多軸工具機被應用於許多高精度之產品加工，如醫療器材、航太零件等，其中許多的加工產品為結構剛性較低的薄工件。以往針對薄工件之多軸加工大多以避免因加工造成其彈性變形為原則，於製程設計階段進行重複加工測試與量測求得最佳之進給量。

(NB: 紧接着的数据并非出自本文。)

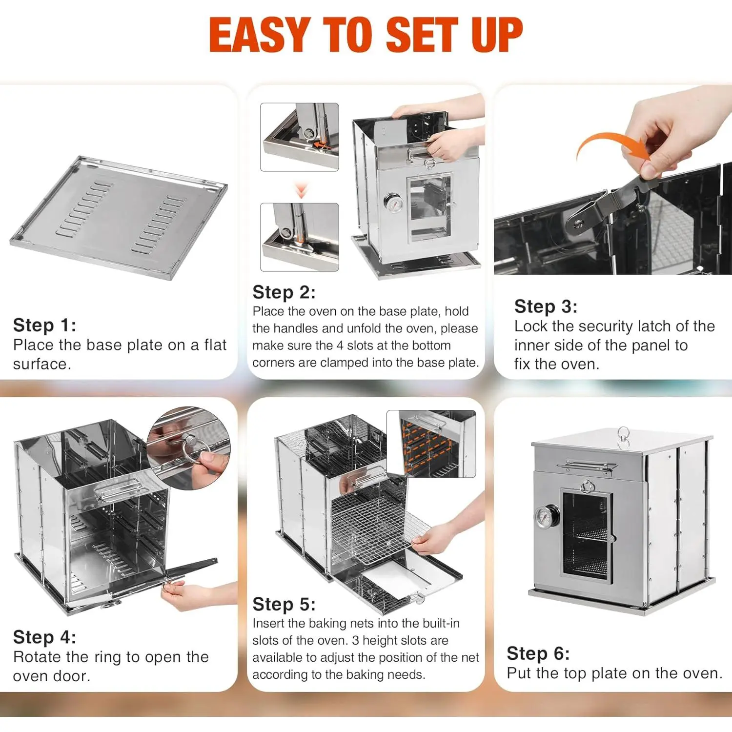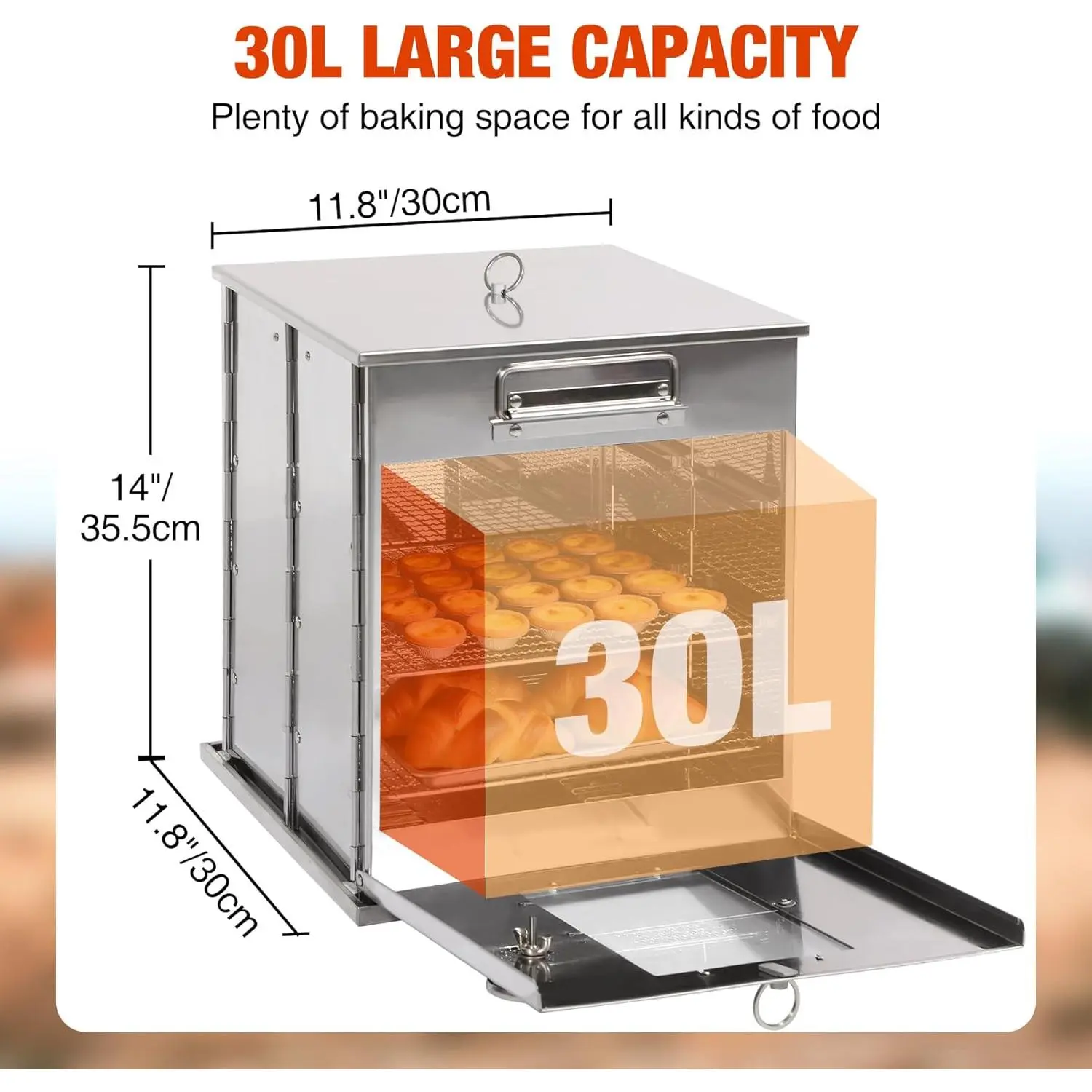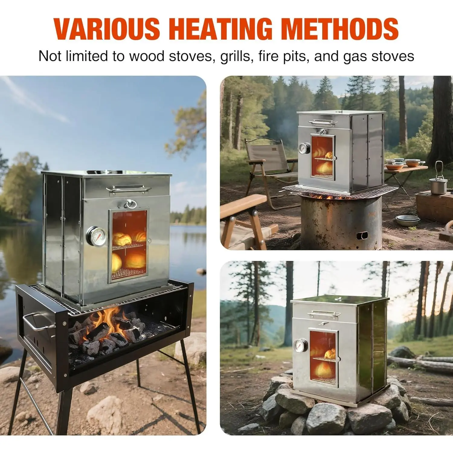 14"H Foldable Camping Oven with 2 Tier Grill, Stainless Steel Portable Camping Stove for Baking Cinnamon Rolls, Breads and Muffins with Wood Burning Fire,Propane Stoves,Campers,Baking BBQ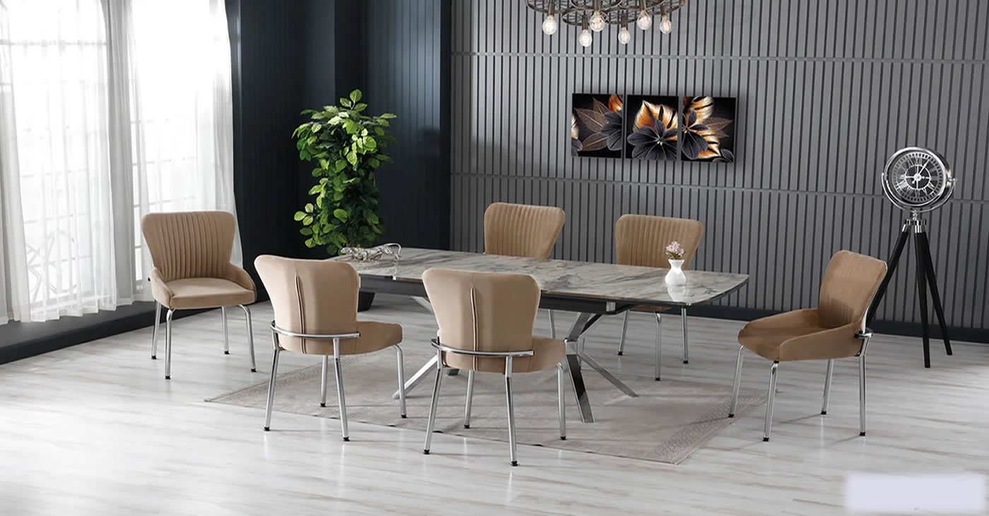 Ürünümüz: MDF Glossmax Tabla Masa, 6 Sandalye dir. Ürün Boyutu: Kapalı 80x130 CM - Açık 175x80 CM | Ürün malzeme detayları resimlerde mevcuttur. Silinebilir babyface kumaş, masa ve sandalye tüm renk seçenekleri mevcuttur. Sandalye ek istenirse adet fiyatı: 4.850 TL dir.

若能建立一套薄工件加工之誤差分析與補償流程，即可省去繁複的加工規劃過程，提升薄工件之製程效率。
本研究首先以切削力模擬程式計算薄工件於加工過程中所受到之切削力，接著利用有限元素軟體做靜態分析得到變形量，透過MATLAB擬合計算出誤差矩陣，並藉由誤差矩陣修正薄工件之加工路徑，最後透過形狀創成函數將修正之加工路徑做後處理得到補償後之NC碼；系統評估方面，本文將修正後之刀具路徑藉由VERICUT®做切削模擬，並利用有限元素軟體對虛擬加工後之薄工件做卸載分析以得到加工後之體積誤差，使用者可透過系統評估介面得知加工後工件精度是否符合需求，並將評估結果作為加工道次規劃之依據。
本論文發展出一套系統流程，分析出薄工件之加工體積誤差並予以補償，此系統可應用於多軸加工的製程設計階段，讓使用者針對薄工件之製程做規劃，不僅大幅提升整體製造流程之效率，對工件之精度皆可明顯改善。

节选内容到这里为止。